+++ Records for the task +++

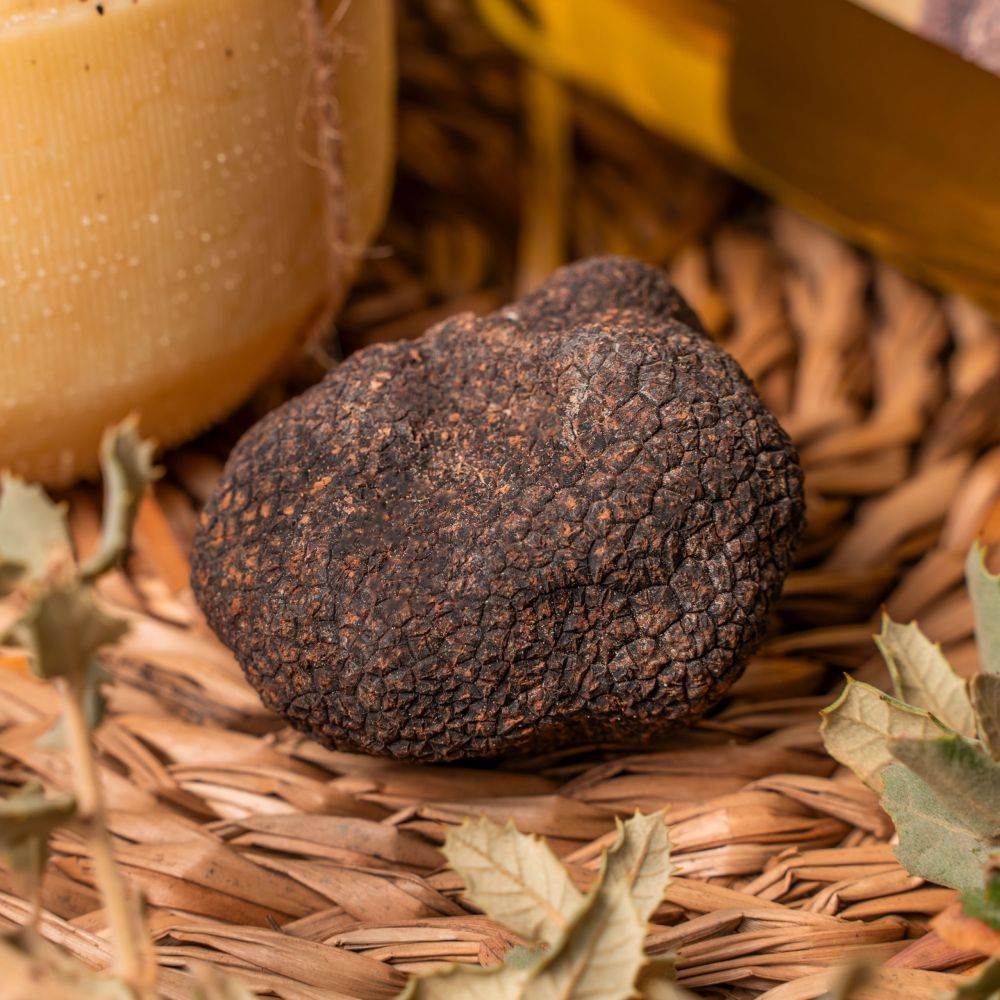 Viene compuesto por una trufa negra de entre 25 y 30g de primera calidad. Además, influye un queso curado trufado de la quesería artesana Zariche, situada en Celadas (Teruel), y que cuenta con nuestra trufa negra ecológica para elaborar sus quesos. Queso de leche de oveja pasteurizada y trufa negra. Por último, influye una botella de 250ml de Aceite de Oliva Virgen Extra con Trufa.
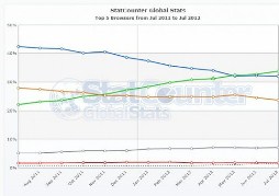 در ماه May آنها اعلام کردند که گوگل کروم از مرورگر اینترنت اکسپلورر در زمینه معروف ترین و پر استفاده ترین مرورگر پیشی گرفته است. در آخرین نتایج آنها که از تاریخ جولای ۲۰۱۱ تا جولای ۲۰۱۲ بوده نیز تغییر زیادی حاصل نشده است. کروم هنور هم بیشترین سهم را با ۳۳.۸۱ در اختیار دارد که این سهم در حدود یک سوم کل بازار مرورگرهاست. در مکان دوم اینترنت اکسپلورر با ۳۲.۰۴ قرار دارد و بعد از آن، به ترتیب فایرفاکس با ۲۳.۷۳، سافاری با ۷.۱۲ و اپرا با ۱.۷۲ قرار دارند.
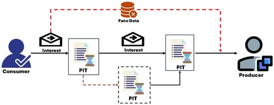 In a Fake Interest Attack (FIA), attackers generate interest packets requesting non-existent or intentionally invalid content. These interests are designed to have no corresponding data packets, causing them to remain unresolved in the PIT of NDN routers until they time out. The accumulation of such unsatisfiable interests can exhaust PIT resources, leading to network congestion and denial of service for legitimate users []. The FIA attack exploits the stateful nature of NDN’s forwarding plane, where each interest packet consumes memory resources until satisfied or expired. Mitigation strategies involve monitoring interest patterns to detect anomalies and implementing rate-limiting mechanisms to prevent PIT overflow. However, distinguishing between legitimate and malicious interests remains a significant challenge [,].
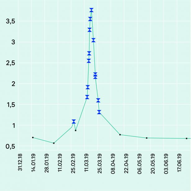 4 weeks after the initiation of immunotherapy the patient showed an interstitial nephritis. With the creatinine levels pictured below:
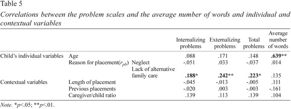 Table 5 presents the matrix of correlations between psychological adjustment measures and language development and individual and contextual variables, such as age, reason for placement (neglect and lack of alternative family care), length of placement, previous placements and caregiver-child ratio. The mean number of words spoken by the children is positively and significantly correlated with age, showing the increase of lexical fields with the child’s age. Regarding the reasons for placement, the lack of alternative family care was positively and significantly correlated with Internalizing, Externalizing and Total Problems. It, thus, reinforced the impact that the child’s previous life experience seems to have on his/her adjustment and development. The contextual variables (length of placement, previous placements and caregiver-child ratio) did not present significant correlations with the scales analysed. The simple linear regression analyses which were performed showed that the lack of alternative family care explained approximately 4% of the variance of Internalizing Problems [R2=.035; F(1.11)=4.13, p=.044], 6% of Externalizing Problems [R2=.059; F(1.11)=7.03, p=.009] and 5% of Total Problems [R2=.050; F(1.11)=5.94, p=.016]. The age of the child explained 41% of the variance of the average number of words [R2=.408; F(1.75)=51.63, p=.000].
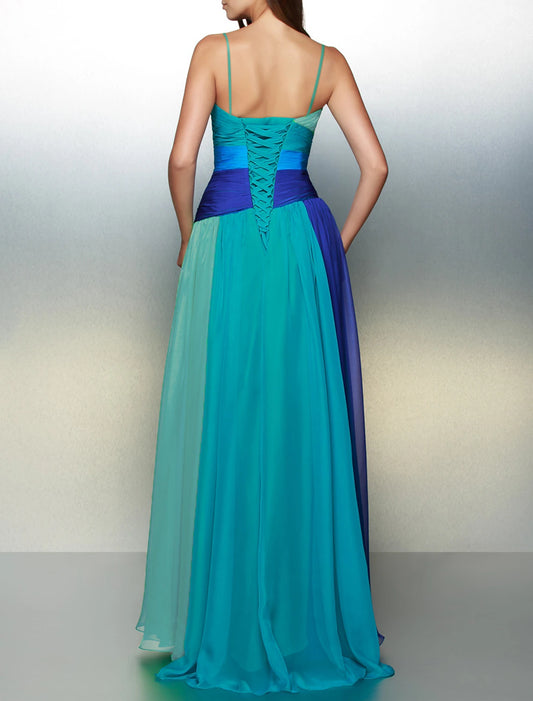 A-Line Wedding Guest Party Dress Color Block Dress Wedding Holiday Floor Length Sleeveless Spaghetti Strap Chiffon with Rhinestone
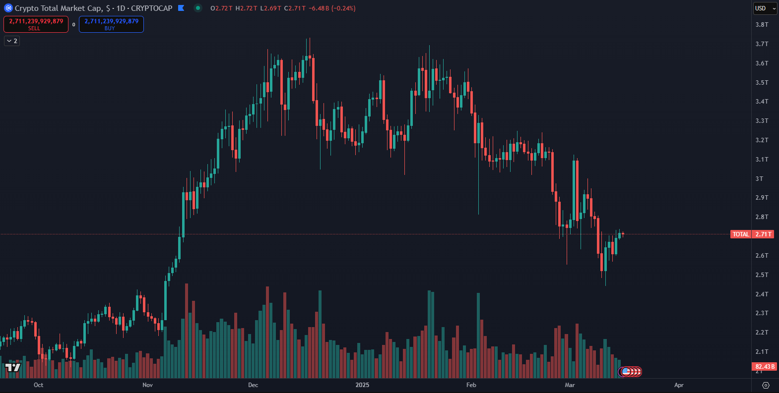Kryptomeny majú za sebou masívne znehodnotenie. Začiatok roka 2025 bol pre kryptomenový trh mimoriadne náročný. Po optimistických predpovediach z konca roku 2024 prišiel prudký pokles, ktorý zasiahol nielen menšie altcoiny, ale aj veľké projekty ako Bitcoin či Ethereum. Ethereum kleslo až o 60 %, čo je významná korekcia, akú sme nevideli od roku 2022. Podľa údajov z TradingView z trh zmizlo za 50 sní až 1,25 bilióna dolárov.
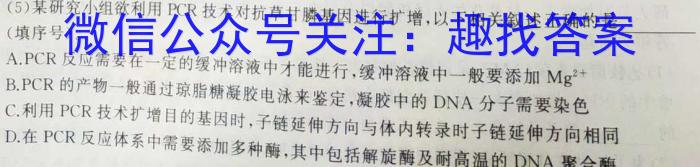 (5)某研究小组欲利用PCR技术对抗草甘膦基因进行扩增,以下相关叙述正确的是(填序号)。A.PCR反应需要在一定的缓冲溶液中才能进行,缓冲溶液中一般要添加B.PCR的产物一般通过琼脂糖凝胶电泳来鉴定,凝胶中的DNA分子需要染色C.利用PCR技术扩增目的基因时,子链延伸方向与体内转录时子链延伸方向相同D.在PCR反应体系中需要添加多种酶,其中包括解旋酶及耐高温的DNA聚合酶

+++

** Task details **
From the first line through the line with "4 weeks after", output those lines of the entries above exactly, and nothing else, with the pictures left out.

** Written response **
 Viene compuesto por una trufa negra de entre 25 y 30g de primera calidad. Además, influye un queso curado trufado de la quesería artesana Zariche, situada en Celadas (Teruel), y que cuenta con nuestra trufa negra ecológica para elaborar sus quesos. Queso de leche de oveja pasteurizada y trufa negra. Por último, influye una botella de 250ml de Aceite de Oliva Virgen Extra con Trufa.
 در ماه May آنها اعلام کردند که گوگل کروم از مرورگر اینترنت اکسپلورر در زمینه معروف ترین و پر استفاده ترین مرورگر پیشی گرفته است. در آخرین نتایج آنها که از تاریخ جولای ۲۰۱۱ تا جولای ۲۰۱۲ بوده نیز تغییر زیادی حاصل نشده است. کروم هنور هم بیشترین سهم را با ۳۳.۸۱ در اختیار دارد که این سهم در حدود یک سوم کل بازار مرورگرهاست. در مکان دوم اینترنت اکسپلورر با ۳۲.۰۴ قرار دارد و بعد از آن، به ترتیب فایرفاکس با ۲۳.۷۳، سافاری با ۷.۱۲ و اپرا با ۱.۷۲ قرار دارند.
 In a Fake Interest Attack (FIA), attackers generate interest packets requesting non-existent or intentionally invalid content. These interests are designed to have no corresponding data packets, causing them to remain unresolved in the PIT of NDN routers until they time out. The accumulation of such unsatisfiable interests can exhaust PIT resources, leading to network congestion and denial of service for legitimate users []. The FIA attack exploits the stateful nature of NDN’s forwarding plane, where each interest packet consumes memory resources until satisfied or expired. Mitigation strategies involve monitoring interest patterns to detect anomalies and implementing rate-limiting mechanisms to prevent PIT overflow. However, distinguishing between legitimate and malicious interests remains a significant challenge [,].
 4 weeks after the initiation of immunotherapy the patient showed an interstitial nephritis. With the creatinine levels pictured below:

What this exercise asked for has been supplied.